Once you find the line with "Y2k cream knit", output it and every line after it exactly, through the last line of the listing, but no pictures.
=== Data ===
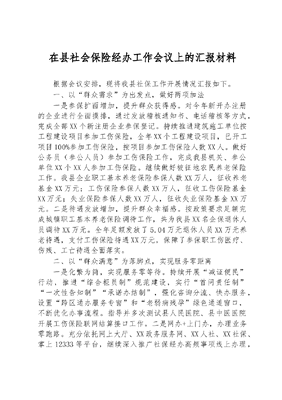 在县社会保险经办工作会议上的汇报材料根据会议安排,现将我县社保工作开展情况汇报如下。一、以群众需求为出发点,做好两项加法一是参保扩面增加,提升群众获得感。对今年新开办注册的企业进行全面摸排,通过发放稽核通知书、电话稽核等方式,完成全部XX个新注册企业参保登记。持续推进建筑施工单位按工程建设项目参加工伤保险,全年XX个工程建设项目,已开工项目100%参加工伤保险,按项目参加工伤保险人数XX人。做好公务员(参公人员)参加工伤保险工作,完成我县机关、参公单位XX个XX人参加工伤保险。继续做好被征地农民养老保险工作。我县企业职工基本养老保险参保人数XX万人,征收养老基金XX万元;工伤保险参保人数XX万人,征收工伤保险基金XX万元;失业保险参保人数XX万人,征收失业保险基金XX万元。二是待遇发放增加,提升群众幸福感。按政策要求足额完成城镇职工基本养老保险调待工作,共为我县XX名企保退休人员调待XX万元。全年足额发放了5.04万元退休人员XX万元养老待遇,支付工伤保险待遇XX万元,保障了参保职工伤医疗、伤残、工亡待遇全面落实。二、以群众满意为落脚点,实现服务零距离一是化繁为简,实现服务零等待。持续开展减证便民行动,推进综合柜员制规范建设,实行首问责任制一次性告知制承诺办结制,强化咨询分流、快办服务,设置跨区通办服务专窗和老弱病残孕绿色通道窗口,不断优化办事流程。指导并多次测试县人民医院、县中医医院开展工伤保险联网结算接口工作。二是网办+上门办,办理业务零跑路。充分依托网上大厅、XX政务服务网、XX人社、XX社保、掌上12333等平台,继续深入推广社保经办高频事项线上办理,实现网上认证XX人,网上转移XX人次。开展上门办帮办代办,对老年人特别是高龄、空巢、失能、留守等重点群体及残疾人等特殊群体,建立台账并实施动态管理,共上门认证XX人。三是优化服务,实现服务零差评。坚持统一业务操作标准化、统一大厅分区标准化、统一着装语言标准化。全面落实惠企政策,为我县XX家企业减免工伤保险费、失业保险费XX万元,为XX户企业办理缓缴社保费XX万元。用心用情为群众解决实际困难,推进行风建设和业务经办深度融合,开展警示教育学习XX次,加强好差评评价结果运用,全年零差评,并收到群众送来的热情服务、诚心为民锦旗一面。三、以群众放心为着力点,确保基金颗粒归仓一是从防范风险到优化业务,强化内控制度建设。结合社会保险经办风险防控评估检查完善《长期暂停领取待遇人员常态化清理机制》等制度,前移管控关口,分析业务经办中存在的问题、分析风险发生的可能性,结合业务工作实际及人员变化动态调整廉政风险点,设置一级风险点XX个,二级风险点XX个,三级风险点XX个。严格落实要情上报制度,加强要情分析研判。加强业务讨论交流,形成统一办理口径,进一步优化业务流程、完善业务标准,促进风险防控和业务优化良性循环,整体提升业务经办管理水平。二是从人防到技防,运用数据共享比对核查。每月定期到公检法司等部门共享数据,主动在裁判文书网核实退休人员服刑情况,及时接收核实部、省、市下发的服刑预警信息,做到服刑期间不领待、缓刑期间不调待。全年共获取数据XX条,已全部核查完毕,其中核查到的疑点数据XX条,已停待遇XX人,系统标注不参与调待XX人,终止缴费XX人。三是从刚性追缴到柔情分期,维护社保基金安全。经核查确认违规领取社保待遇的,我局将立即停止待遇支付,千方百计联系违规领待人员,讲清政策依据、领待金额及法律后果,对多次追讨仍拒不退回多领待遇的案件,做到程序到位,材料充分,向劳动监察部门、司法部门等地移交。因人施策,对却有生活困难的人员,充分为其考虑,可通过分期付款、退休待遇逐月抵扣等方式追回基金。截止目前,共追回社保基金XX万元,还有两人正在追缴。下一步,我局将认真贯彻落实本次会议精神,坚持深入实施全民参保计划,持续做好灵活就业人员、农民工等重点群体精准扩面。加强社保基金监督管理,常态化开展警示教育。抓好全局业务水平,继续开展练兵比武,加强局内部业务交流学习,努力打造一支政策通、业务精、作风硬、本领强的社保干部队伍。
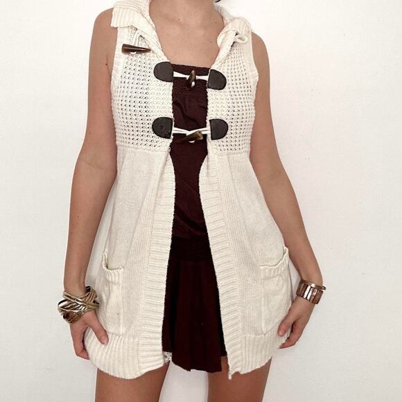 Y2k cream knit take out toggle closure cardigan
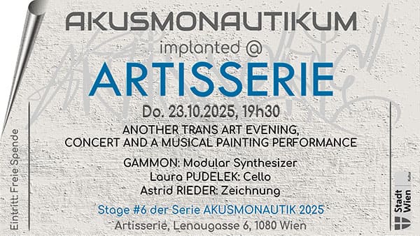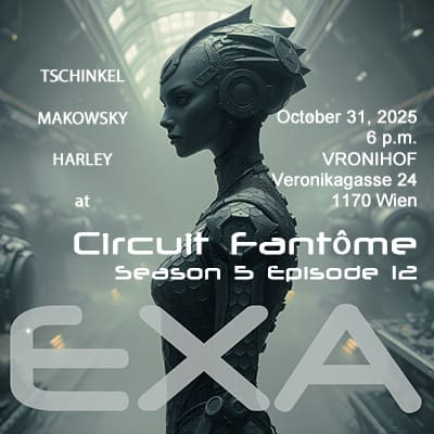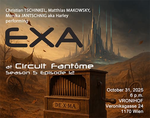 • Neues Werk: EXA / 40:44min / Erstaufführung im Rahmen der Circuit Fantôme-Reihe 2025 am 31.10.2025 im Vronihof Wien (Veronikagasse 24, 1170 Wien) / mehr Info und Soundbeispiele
===
--- Expected answer ---
 Y2k cream knit take out toggle closure cardigan
 • Neues Werk: EXA / 40:44min / Erstaufführung im Rahmen der Circuit Fantôme-Reihe 2025 am 31.10.2025 im Vronihof Wien (Veronikagasse 24, 1170 Wien) / mehr Info und Soundbeispiele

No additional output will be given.